The interview was published over four consecutive days as part of the countdown to 2199 on TV, and is presented here verbatim. You’ll see the terms “plamo” and “plamodel” come up frequently in the text. They’ve been around for decades, and are a contraction of “play model,” meaning a model sturdy enough to be played with as a toy after it is built. “Gunpla” is a variant of this, referring to plamo based on Mobile Suit Gundam, which is an industry unto itself.

Part 1 of the interview was originally published April 2, 2013. See the original post here.


All hands, prepare for the new launch of Yamato! The TV broadcast of Yamato 2199 finally begins on April 7! To celebrate the new voyage, Ami Ami brings you a Yamato gentleman from Bandai for four rounds beginning today, a special interview with the developer of Yamato 2199 plamodels! We asked Mr. Hirofumi Kishiyama to talk about the road leading to 2199 from the original work. He is a developer who has a history with Yamato and Bandai for over 30 years.

All hands, prepare for reading! Pay close attention to the launch of the new Yamato!

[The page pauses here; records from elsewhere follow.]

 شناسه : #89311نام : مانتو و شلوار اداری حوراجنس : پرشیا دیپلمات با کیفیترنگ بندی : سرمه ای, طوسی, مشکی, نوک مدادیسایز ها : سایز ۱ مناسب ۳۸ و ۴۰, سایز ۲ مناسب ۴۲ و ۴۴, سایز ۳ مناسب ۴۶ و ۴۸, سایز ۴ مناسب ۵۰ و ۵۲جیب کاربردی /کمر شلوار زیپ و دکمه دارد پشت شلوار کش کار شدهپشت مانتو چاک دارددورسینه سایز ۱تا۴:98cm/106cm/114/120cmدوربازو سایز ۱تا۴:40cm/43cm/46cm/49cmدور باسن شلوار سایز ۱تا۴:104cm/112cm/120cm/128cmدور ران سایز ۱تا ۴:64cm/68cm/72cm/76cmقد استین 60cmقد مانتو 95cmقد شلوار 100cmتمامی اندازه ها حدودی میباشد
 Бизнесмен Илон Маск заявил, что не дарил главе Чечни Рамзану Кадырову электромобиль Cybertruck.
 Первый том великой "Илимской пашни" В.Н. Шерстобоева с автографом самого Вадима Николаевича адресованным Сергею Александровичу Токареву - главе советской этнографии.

Hello! This is Quiet Mecha. I was allowed to conduct this special Yamato interview for AmiBlo just before the broadcast of Yamato 2199 in April! Since joining Bandai in 1986, Hirofumi Kishiyama has been engaged in plamodel development for over 20 years as the leader of Bandai Hobby Division’s 2nd plan development team. With both old and new Yamato plamodels lined up on his desk, he talked about secret development stories and the appeal of the 2199 plamodel series!

“I wanted to cooperate in the Yamato revival with the ‘special skills’ of Bandai.” The Yamato 2199 plamodel series that began several years ago

Interviewer: Nice to meet you. Thank you for your time today.

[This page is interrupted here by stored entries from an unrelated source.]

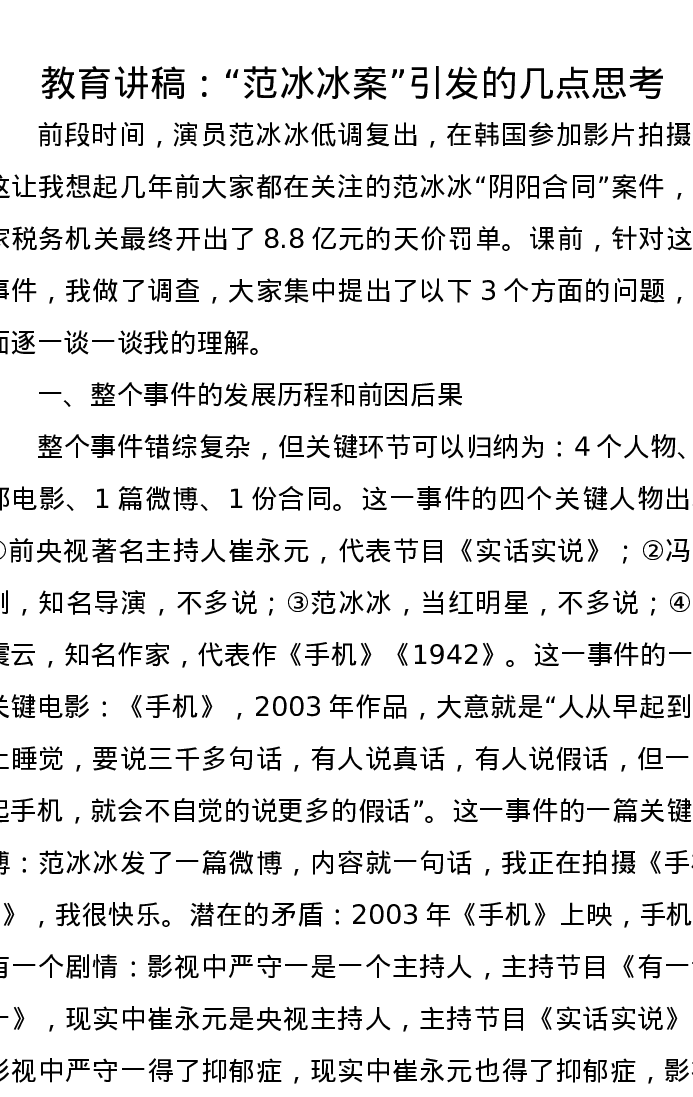 教育讲稿:“范冰冰案”引发的几点思考
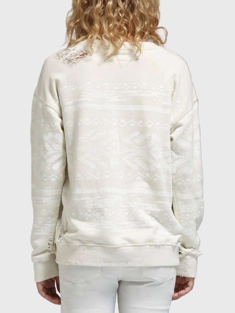 A worn out style you can wear out, The Big Easy Sweat Top from MOTHER is an oversized sweatshirt that features distressing throughout and a white painted Aztec inspired print. It has a round neckline, and is detailed with ribbed edging along the hemline, neckline and cuffs.
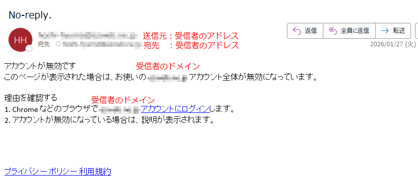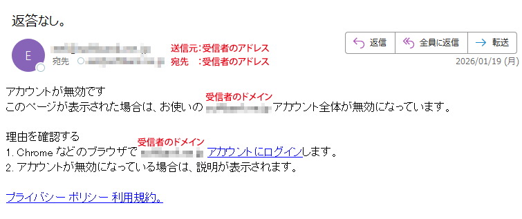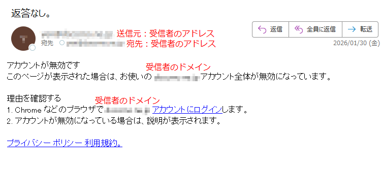 「アカウントが無効」としてアカウントにログインを要求するメール「件名:返答なし。」
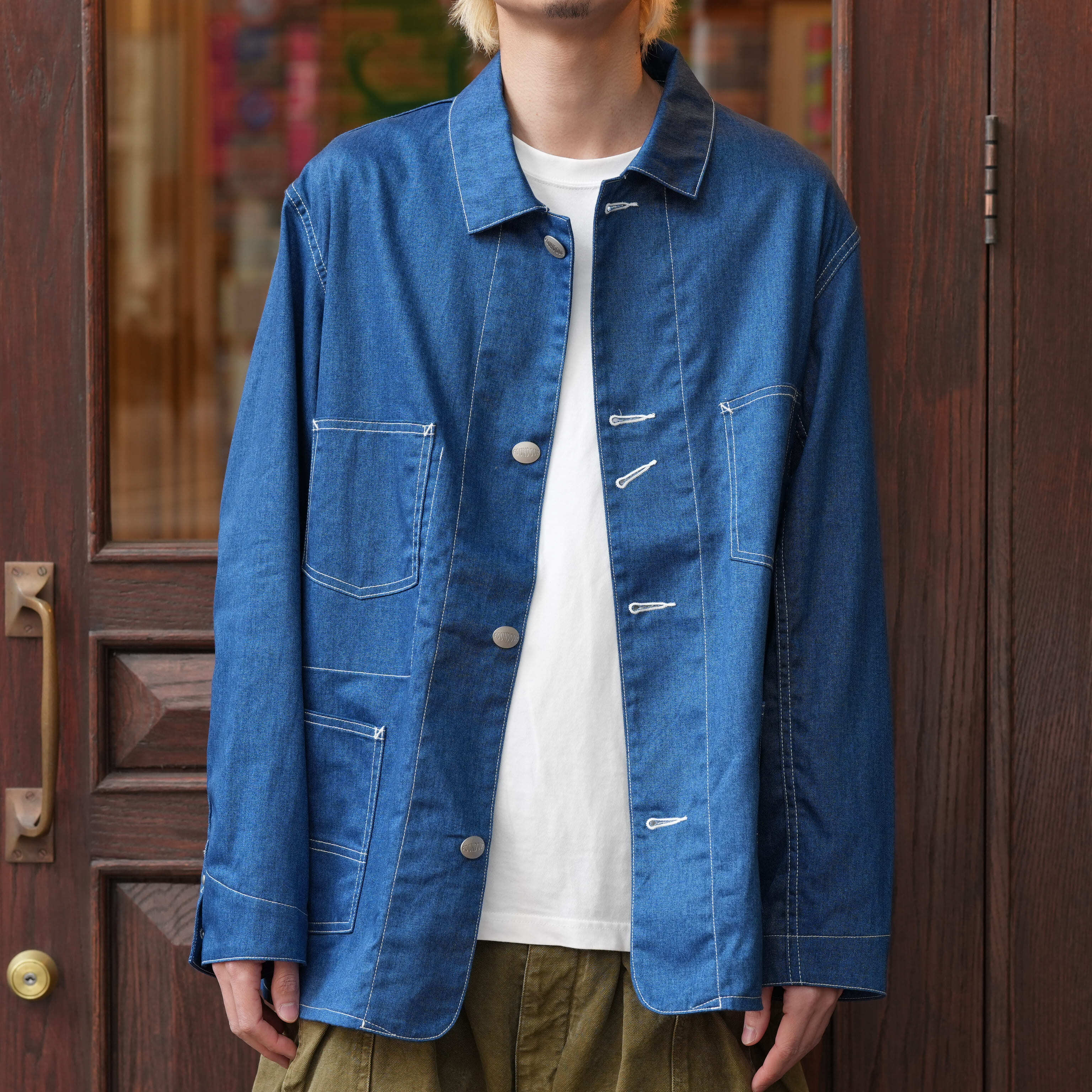 FOUNDOUR (ファウンダ) 26SS "PRINT DENIM COVERALL JACKET" -BLUE-
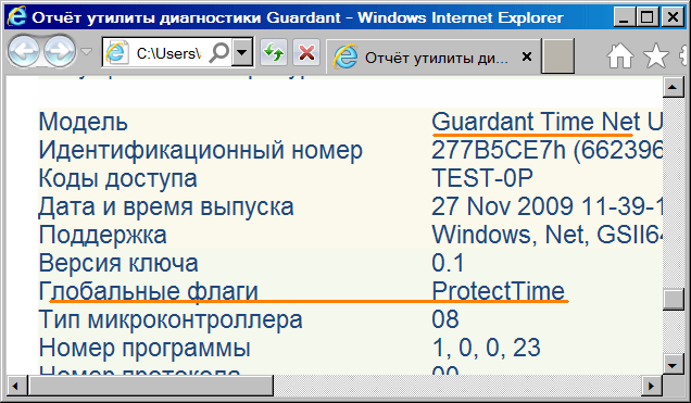 Чтобы проверить, блокирована ли возможность изменения времени в ключе, выполните его диагностику (см. предыдущий пункт или описание утилиты диагностики). Глобальный флаг ProtectTime должен быть установлен:
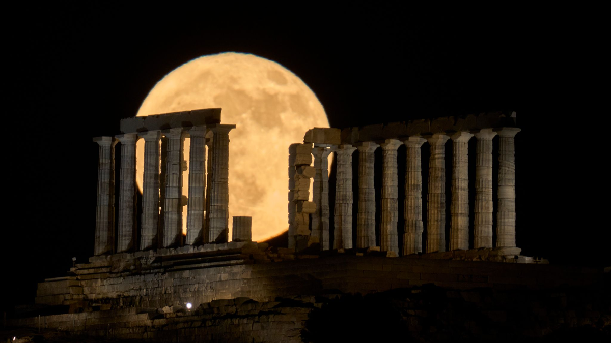 Der Erdbeermond geht in Griechenland hinter dem Poseidontempel am Kap Sounion auf. - Foto: Petros Giannakouris/AP/dpa
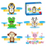 • Bunte Zahlen und Figuren mit verschiedenen Tieren für visuelles Lernen
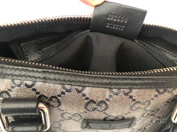 Vendo borsa Gucci originale, modello Boston, tessuto GG metalizzato lucido e finiture in pelle nera, manici in pelle, chisura con cerniera, ha una tasca interna, borsa tipo bauletto. È in perfette condizioni.

Kishiyama: Thank you as well.

Interviewer: 2199 is a remake of “First Yamato” which is now in release, but Bandai already released a Yamato plamodel before 2199.

Kishiyama: In January 2007, we launched the 1/350 scale Yamato plamodel that incorporated electric functions such as sound and LED lighting.

Interviewer: The 1/700 Yamato bonus model with the DVD box and a 1/500 Yamato were released after that, but I still strongly remember the impact of the 1/350.

Kishiyama: At the time, the 1/350 Yamato was unprecedented, and I worked on it with the commitment to make it a great model. At the time of production, I said to affiliated companies, “If it’s all right, I’d like to introduce this to appropriate people,” and I was given the opportunity to get brief reviews of the model from people in the filmmaking industry. Some of those who came to the presentation were in anime production; Yutaka Izubuchi, the current director of Yamato 2199 and Hideaki Anno, who made the hit anime Evangelion for Kadokawa, and Ryusuke Hikawa who was the chairman of the first Yamato fan club and is now a well-known anime/tokusatsu writer.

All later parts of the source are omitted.